On Sun, Nov 06, 2016 at 01:28:34AM -0500, Nathan Dunn wrote:
Python has very intuitive and clear syntax, except when it comes to method definitions, particularly dunder methods.
I disagree with your premise here. Python's method definitions are just as intuitive and clear as the rest of Python's syntax: methods are just functions, indented in the body of the class where they belong, with an explicit "self" parameter. And dunder methods are just a naming convention. They're not the most visually attractive methods, due to the underscores, but its just a naming convention. Otherwise they are declared in exactly the same way as any other method: using normal function syntax, indented inside the body of the class, with an explicit "self" the same as other methods. So there's no magic to learn. Once you know how to declare a function, it is a tiny step to learn to declare a method: put it inside a class, indent it, and add "self", and now you have a method. And once you know how to declare a method, there's nothing more to learn to handle dunder methods. All you need know is the name of the method or methods you need, including the underscores. [...]
Having to declare a self parameter is confusing since you don't pass anything in when you call the method on an instance (I am aware of bound vs. unbound methods, etc. but a beginner would not be).

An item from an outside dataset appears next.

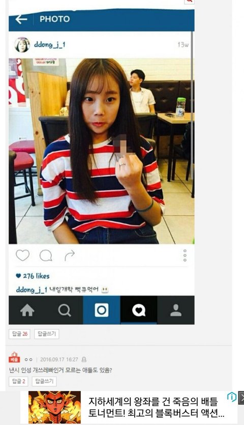 왜 자기가 욕한다고 남들도 다 한다 생각함? 난 현실에서 손가락 욕 한적 한번도 없어 그리고 저런거 인스타에 올리는게 이상함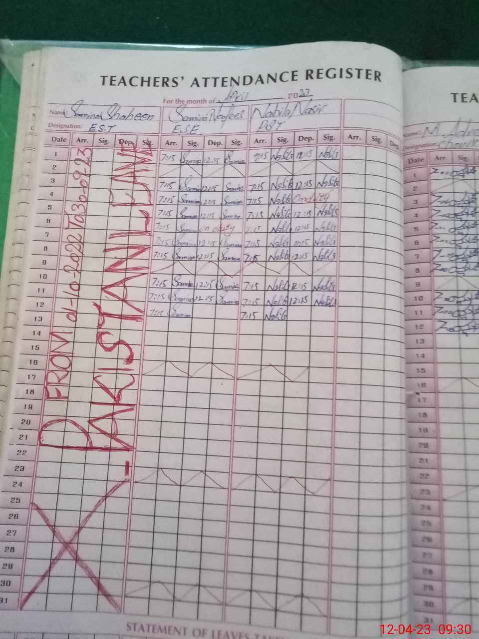 | Name: NA**** NA**** Designation: (School Headmaster's/Headmistress's) PST Phone/Cell Number: 03**** |

You are mistaking "mysterious" for "confusing". "Why do I have to explicitly declare a self parameter?" is a mystery, and the answer can be given as: - you just do - because internally methods are just functions - because it is actually useful (e.g. for unbound methods) depending on the experience of the person asking. But its not *confusing*. "Sometimes I have to implicitly declare self, and sometimes I don't, and there doesn't seem to be any pattern to which it is" would be confusing. "Always explicitly declare self" is not.
The double underscores are also confusing.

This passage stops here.